Australia Rejects ‘Savage’ Budget Cuts to Get Surplus, Swan Says
Jan. 21 (Bloomberg) -- Australia’s government rejects “savage” cuts to public-service spending in order to fulfill its pledge to return the budget to surplus in this election year, Treasurer Wayne Swan said.
“One thing is certain -- savage cuts would be the wrong thing for our economy,” Swan told business leaders in New York on Jan. 18. “It would not be responsible for any government to make deep spending cuts to try and fill a hole in tax revenue when that would put growth and jobs at risk.”
Swan’s comments come a month after he said he’s unlikely to deliver a pledged budget surplus this fiscal year as weaker growth and a strong local currency curb tax receipts.

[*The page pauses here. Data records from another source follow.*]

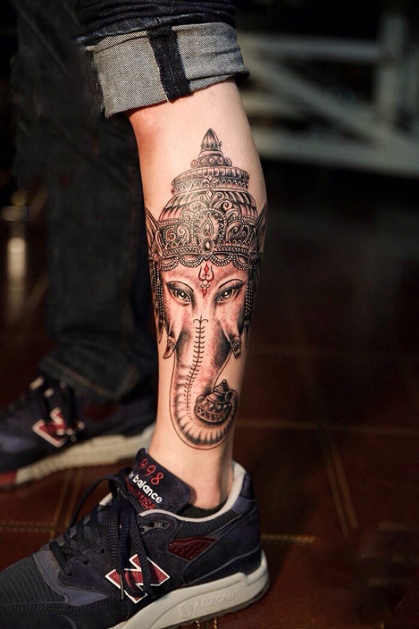小腿上一款大象纹身图案_腿部纹身图案大全_纹身图吧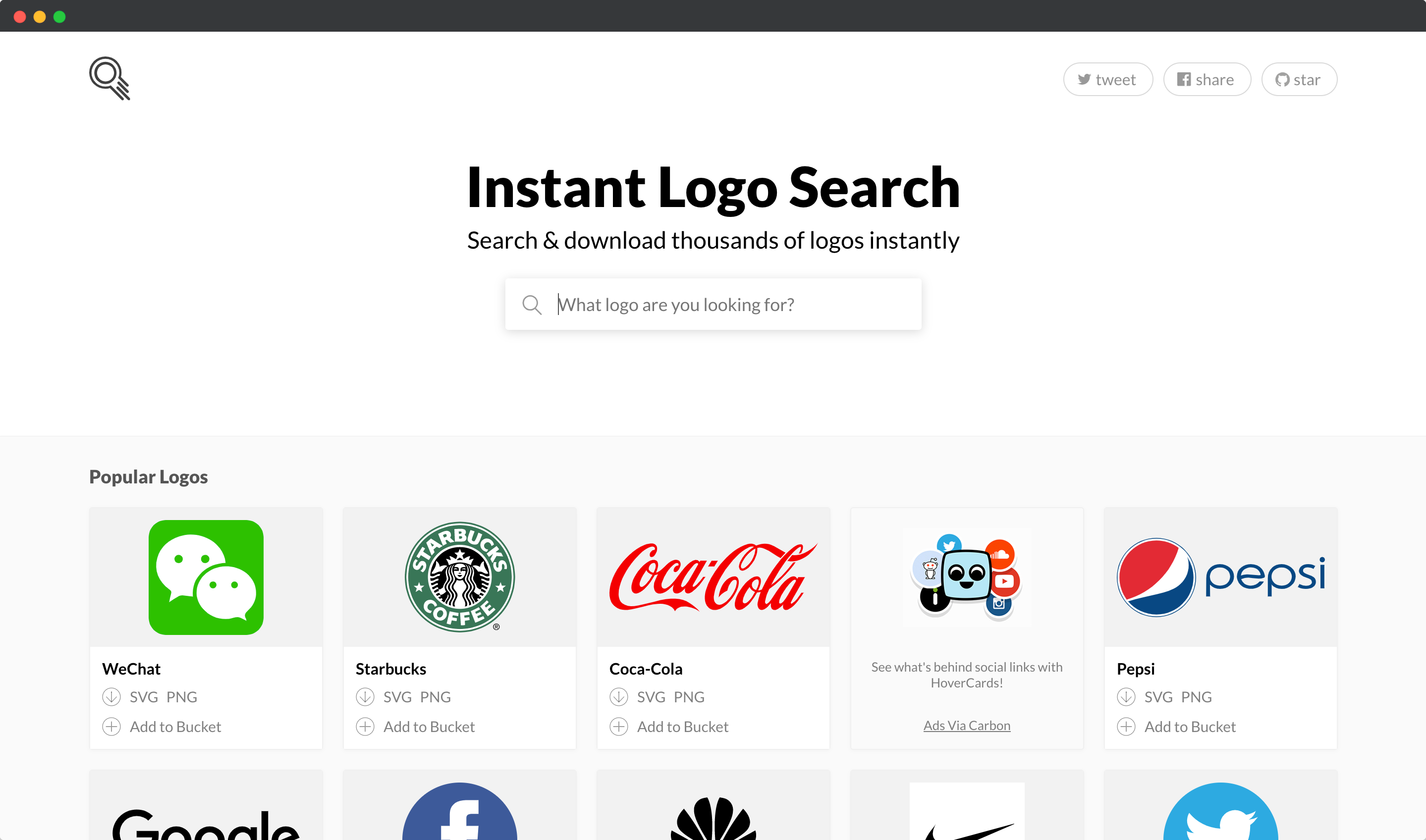 有个非常好用的功能是:每个标志下方均有「Add to Bucket」链接,点击它即可添加到批量下载的位置(在网站底部),此时你选择完 LOGO 后,就可以点击「Download SVGs」或「Downloads PNGs」链接来下载了。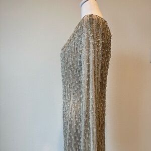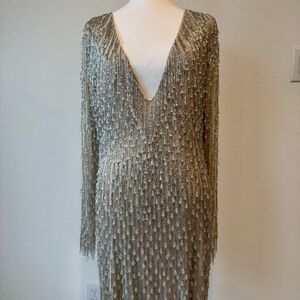 NEVER WORN w/Tags still attached . Fully beaded , long sleeve, v plung neck line ,midi length dress. US Size 10 / UK Size 14.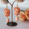 Orecchini  corallo rosso mediterraneo , orecchini fiore, gioielli italiani

Prime Minister Julia Gillard, trailing in polls ahead of this year’s election, last May staked her economic credibility on achieving a A$46 billion ($48.3 billion) fiscal reversal, driven by the first overall cut to government spending in at least 42 years.
“Further turbulence in the global economy in the second half of last year has meant we’ve had to write down in just four months the revenue loss we expected over a full year,” Swan said. “We are still delivering one of the biggest fiscal consolidations in our nation’s history, and we’ll continue our fiscal discipline despite the big revenue write downs which have made a surplus unlikely this year.”
The government, in a midyear review released in October, forecast a budget surplus of A$1.08 billion in the 12 months ending June 30. It recorded a A$44 billion deficit last fiscal year.
Weaker commodity prices and an elevated currency have prompted mining companies including BHP Billiton Ltd. to put off projects and cut jobs, while a construction slump forced building-materials company Boral Ltd. to reduce payrolls.
“We’re not immune from ongoing global uncertainty, which has weighed on consumer and business confidence and contributed to patchy conditions in some parts of our economy,” Swan said in his weekly e-mailed economic note yesterday.
In August, Resource Minister Martin Ferguson told reporters that “the resources boom is over,” while Reserve Bank of Australia Governor Glenn Stevens told lawmakers “the peak of the resource investment boom as a share of gross domestic product, the highest such peak in at least a century, will occur within the next year or two.”
Swan told his audience in New York that such talk is “claptrap.”
“Let me also be very clear that you have been hearing claptrap getting around about it being over,” Swan said. “The mining boom is best described as having three overlapping phases -- a boom in prices, then investment, and then in production. We passed the peak in prices a bit over a year ago as we’d expected, but we also see our terms of trade remaining at historically high levels. And the second and third phases of the boom still have a way to run.”
While Australian employers unexpectedly cut payrolls in December and the unemployment rate rose, the economy expanded 3.1 percent from a year earlier in the third quarter, among the fastest in the developed world.
The Reserve Bank of Australia’s latest benchmark rate cut to 3 percent on Dec. 4 made it 1.75 percentage points in reductions in 14 months, which may aid Labor’s re-election chances as about 90 percent of the nation’s mortgages are at variable rates.
Gillard’s Labor rose 3 percentage points to 49 percent on a two-party preferred basis, with Tony Abbott’s Liberal-National coalition falling 3 points to 51 percent, according to a Newspoll survey published in the Australian newspaper on Jan. 15. The measure is the best gauge of which major party will probably to win the seats required to form a government.
With an election to be held by Nov. 30, Swan said on Jan. 18 the government wouldn’t cut spending in its annual budget, to be delivered May 14, at the expense of its policy commitments to revamp funding for education and disability welfare.
Gillard is seeking to legislate in parliament this year to implement some of the changes in schooling urged in a report headed by Australian Future Fund Chairman David Gonski. The report found earlier this year that spending may need to rise by about A$5 billion a year to improve education at government- funded schools, particularly in disadvantaged and rural areas.
“Let me be crystal clear,” Swan said in New York. “The budget outcome for 2012-13 has no bearing at all on our determination to make room for our medium-term priorities like the Gonski education reforms and the National Disability Insurance Scheme.”
Swan also said a priority for the government was boosting labor productivity growth, “which has been in structural decline for the past decade or so.”
Looking overseas, Swan said China was managing its transition to more consumption-led growth “pretty well.” He called on Europe to balance fiscal restraint with the needs of stimulus and growth and said he was “deeply” concerned about the looming U.S. debt ceiling debate.
“It’s the responsibility of all leaders, governments and commentators around the world to ensure that sensible realism about these challenges doesn’t morph into undue pessimism, which itself hurts confidence,” Swan said in his note yesterday. “Endless pessimism is in itself a risk to the global recovery, just as it weighs on business and consumer sentiment in Australia’s economy.”